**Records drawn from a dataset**
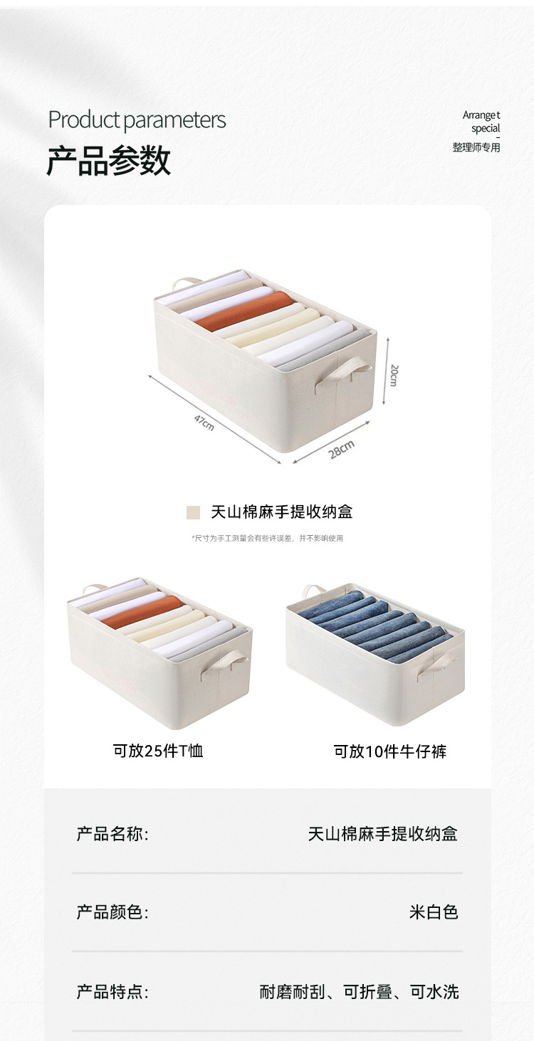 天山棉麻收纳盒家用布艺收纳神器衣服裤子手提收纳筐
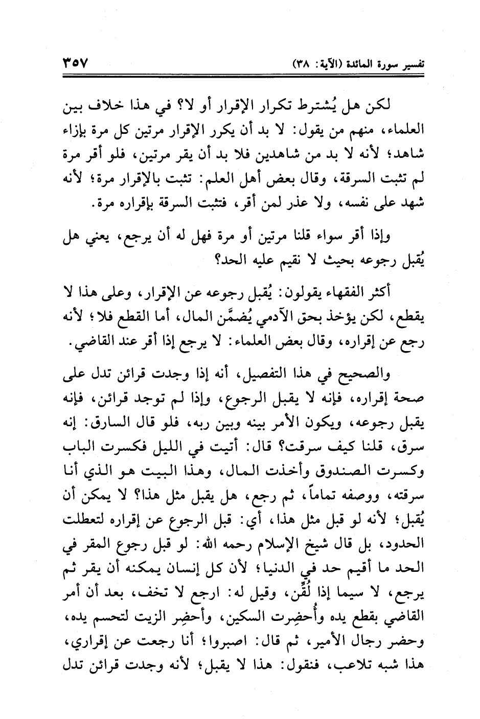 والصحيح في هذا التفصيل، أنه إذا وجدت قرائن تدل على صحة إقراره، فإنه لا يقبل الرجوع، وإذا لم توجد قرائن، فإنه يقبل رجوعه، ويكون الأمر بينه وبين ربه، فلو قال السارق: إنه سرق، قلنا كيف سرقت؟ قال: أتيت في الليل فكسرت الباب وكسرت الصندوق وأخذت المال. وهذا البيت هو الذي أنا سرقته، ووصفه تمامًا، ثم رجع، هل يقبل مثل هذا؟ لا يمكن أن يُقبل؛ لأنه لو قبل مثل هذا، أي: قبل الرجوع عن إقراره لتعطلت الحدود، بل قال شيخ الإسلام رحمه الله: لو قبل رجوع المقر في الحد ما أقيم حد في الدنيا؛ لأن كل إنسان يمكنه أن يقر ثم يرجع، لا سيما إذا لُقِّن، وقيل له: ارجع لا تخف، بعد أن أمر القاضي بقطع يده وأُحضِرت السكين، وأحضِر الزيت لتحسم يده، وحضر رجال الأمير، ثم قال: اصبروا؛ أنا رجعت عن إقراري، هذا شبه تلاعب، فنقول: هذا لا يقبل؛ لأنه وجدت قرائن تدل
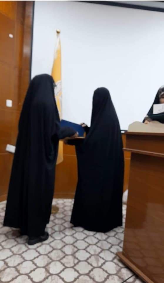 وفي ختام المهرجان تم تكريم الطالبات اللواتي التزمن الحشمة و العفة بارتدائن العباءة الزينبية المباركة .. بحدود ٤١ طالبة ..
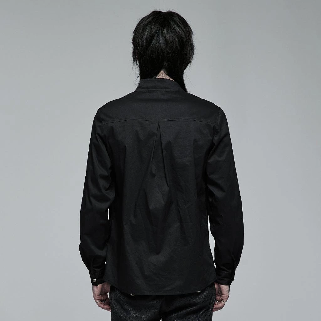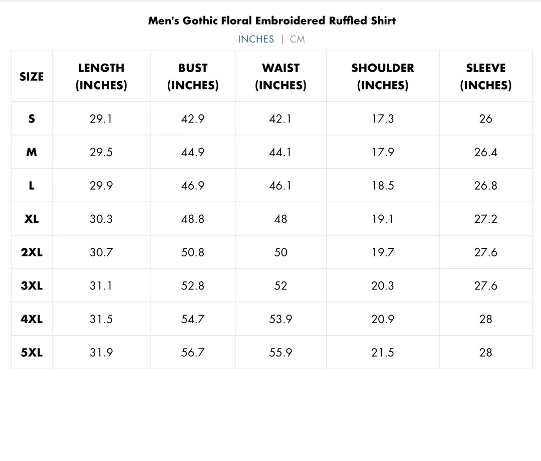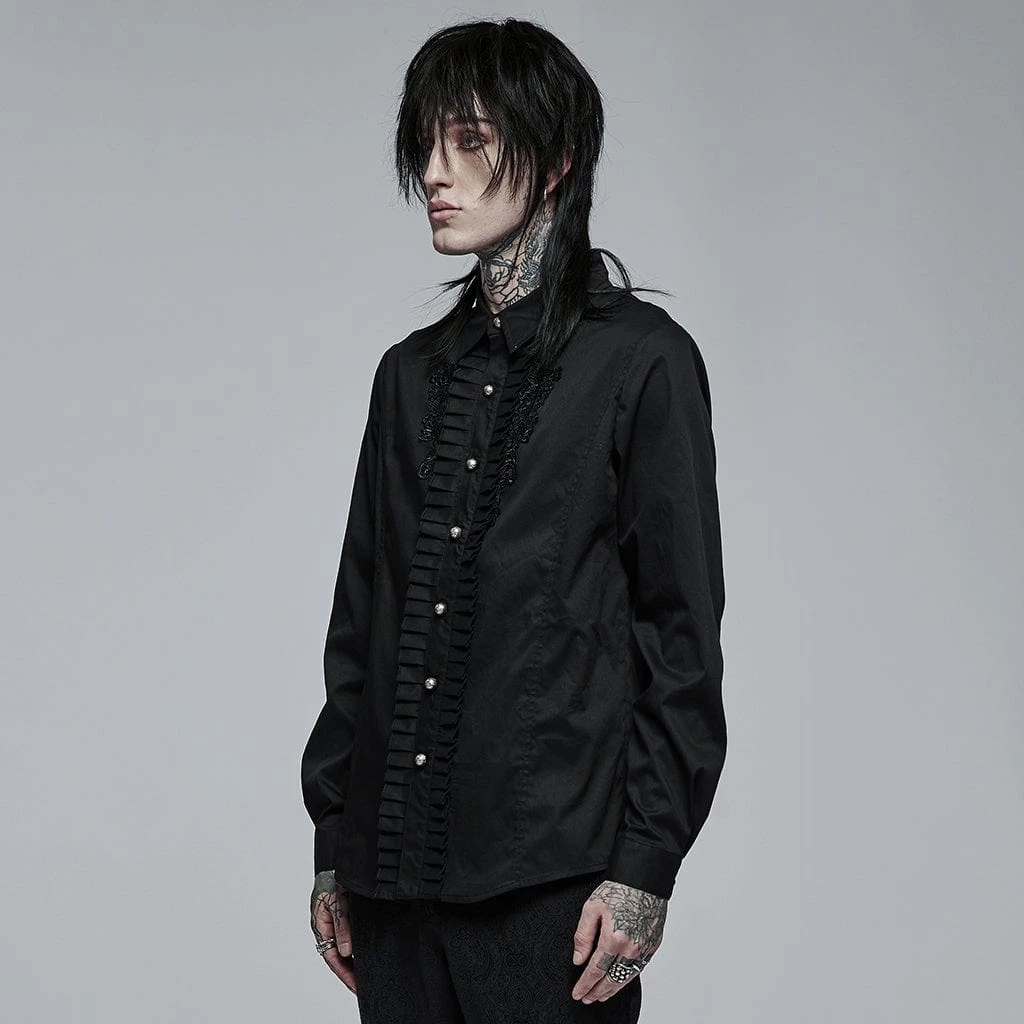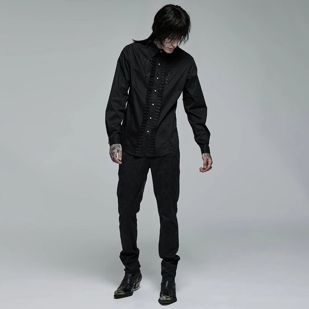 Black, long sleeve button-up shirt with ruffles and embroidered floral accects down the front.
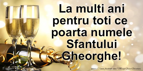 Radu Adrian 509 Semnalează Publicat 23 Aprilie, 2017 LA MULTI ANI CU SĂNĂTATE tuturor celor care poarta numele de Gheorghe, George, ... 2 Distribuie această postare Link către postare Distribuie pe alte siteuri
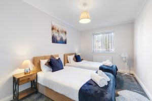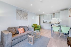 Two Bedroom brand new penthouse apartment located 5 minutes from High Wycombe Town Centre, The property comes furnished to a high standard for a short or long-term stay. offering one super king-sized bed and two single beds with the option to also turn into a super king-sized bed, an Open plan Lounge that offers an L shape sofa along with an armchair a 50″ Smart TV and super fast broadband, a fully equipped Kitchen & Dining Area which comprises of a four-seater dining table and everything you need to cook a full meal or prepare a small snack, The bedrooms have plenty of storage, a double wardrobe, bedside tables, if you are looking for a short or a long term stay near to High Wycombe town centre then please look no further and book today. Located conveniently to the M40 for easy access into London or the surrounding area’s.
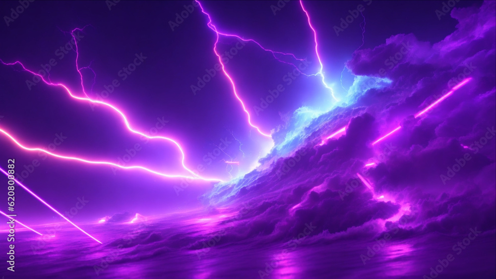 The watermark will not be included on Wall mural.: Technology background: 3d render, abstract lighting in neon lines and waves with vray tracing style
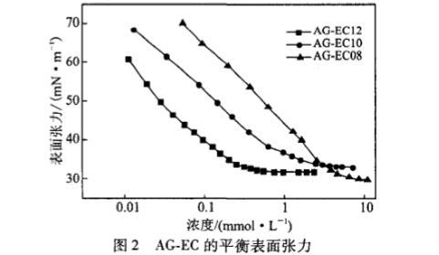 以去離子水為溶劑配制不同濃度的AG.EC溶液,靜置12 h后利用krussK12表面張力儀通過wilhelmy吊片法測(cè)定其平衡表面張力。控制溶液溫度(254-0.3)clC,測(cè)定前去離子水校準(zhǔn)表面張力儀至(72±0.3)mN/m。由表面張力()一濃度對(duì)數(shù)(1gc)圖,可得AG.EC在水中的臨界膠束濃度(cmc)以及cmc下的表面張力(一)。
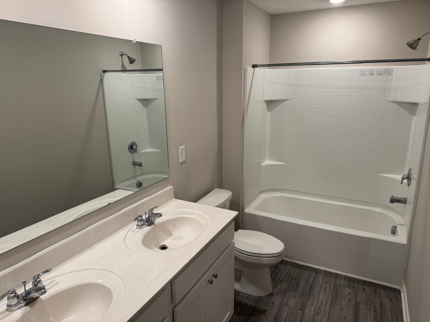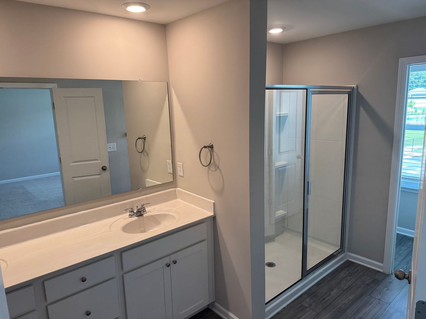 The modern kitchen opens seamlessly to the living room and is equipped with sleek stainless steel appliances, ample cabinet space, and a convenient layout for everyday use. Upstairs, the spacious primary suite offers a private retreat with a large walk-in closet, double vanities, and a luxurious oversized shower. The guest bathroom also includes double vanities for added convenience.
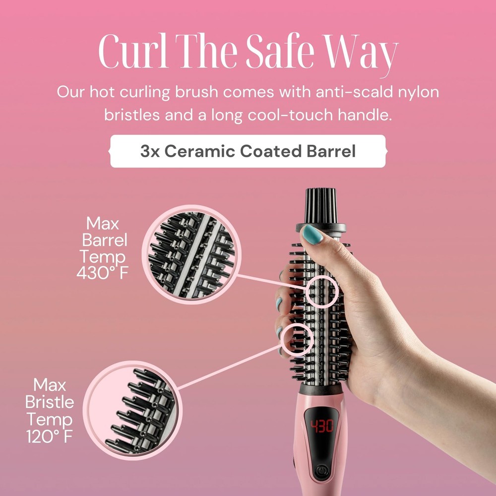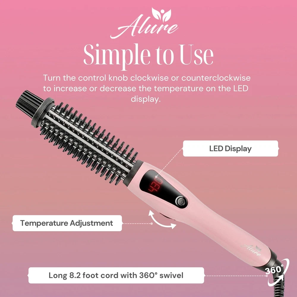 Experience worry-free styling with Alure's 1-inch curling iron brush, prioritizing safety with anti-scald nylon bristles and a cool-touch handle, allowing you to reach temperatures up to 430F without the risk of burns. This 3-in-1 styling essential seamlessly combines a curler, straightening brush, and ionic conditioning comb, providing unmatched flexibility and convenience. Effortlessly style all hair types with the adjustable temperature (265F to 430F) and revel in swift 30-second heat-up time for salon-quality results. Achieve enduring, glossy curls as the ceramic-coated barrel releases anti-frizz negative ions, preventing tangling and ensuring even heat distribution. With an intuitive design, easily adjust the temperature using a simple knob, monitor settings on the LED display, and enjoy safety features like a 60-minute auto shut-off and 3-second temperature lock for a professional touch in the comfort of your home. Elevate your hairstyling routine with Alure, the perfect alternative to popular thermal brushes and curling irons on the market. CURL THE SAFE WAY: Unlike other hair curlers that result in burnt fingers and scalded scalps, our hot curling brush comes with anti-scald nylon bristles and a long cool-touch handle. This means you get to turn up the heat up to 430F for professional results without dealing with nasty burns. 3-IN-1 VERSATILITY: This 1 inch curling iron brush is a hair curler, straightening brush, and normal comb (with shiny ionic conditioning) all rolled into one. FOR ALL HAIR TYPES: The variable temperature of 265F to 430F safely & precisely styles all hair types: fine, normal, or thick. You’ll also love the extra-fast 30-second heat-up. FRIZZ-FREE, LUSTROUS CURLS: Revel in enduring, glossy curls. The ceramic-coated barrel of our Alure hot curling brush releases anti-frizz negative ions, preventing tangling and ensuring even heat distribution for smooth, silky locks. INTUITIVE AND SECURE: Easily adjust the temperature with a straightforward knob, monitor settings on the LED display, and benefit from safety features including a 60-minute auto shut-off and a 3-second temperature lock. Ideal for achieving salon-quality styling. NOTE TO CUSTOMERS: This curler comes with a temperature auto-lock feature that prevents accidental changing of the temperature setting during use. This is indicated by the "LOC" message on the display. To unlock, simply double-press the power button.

**TASK BRIEF**
Repeat the lines above exactly, beginning with the one containing "The watermark will" and finishing with the one containing "The modern kitchen". No pictures belong in the copy.

**ANSWER BOX**
 The watermark will not be included on Wall mural.: Technology background: 3d render, abstract lighting in neon lines and waves with vray tracing style
 以去離子水為溶劑配制不同濃度的AG.EC溶液,靜置12 h后利用krussK12表面張力儀通過wilhelmy吊片法測(cè)定其平衡表面張力。控制溶液溫度(254-0.3)clC,測(cè)定前去離子水校準(zhǔn)表面張力儀至(72±0.3)mN/m。由表面張力()一濃度對(duì)數(shù)(1gc)圖,可得AG.EC在水中的臨界膠束濃度(cmc)以及cmc下的表面張力(一)。
 The modern kitchen opens seamlessly to the living room and is equipped with sleek stainless steel appliances, ample cabinet space, and a convenient layout for everyday use. Upstairs, the spacious primary suite offers a private retreat with a large walk-in closet, double vanities, and a luxurious oversized shower. The guest bathroom also includes double vanities for added convenience.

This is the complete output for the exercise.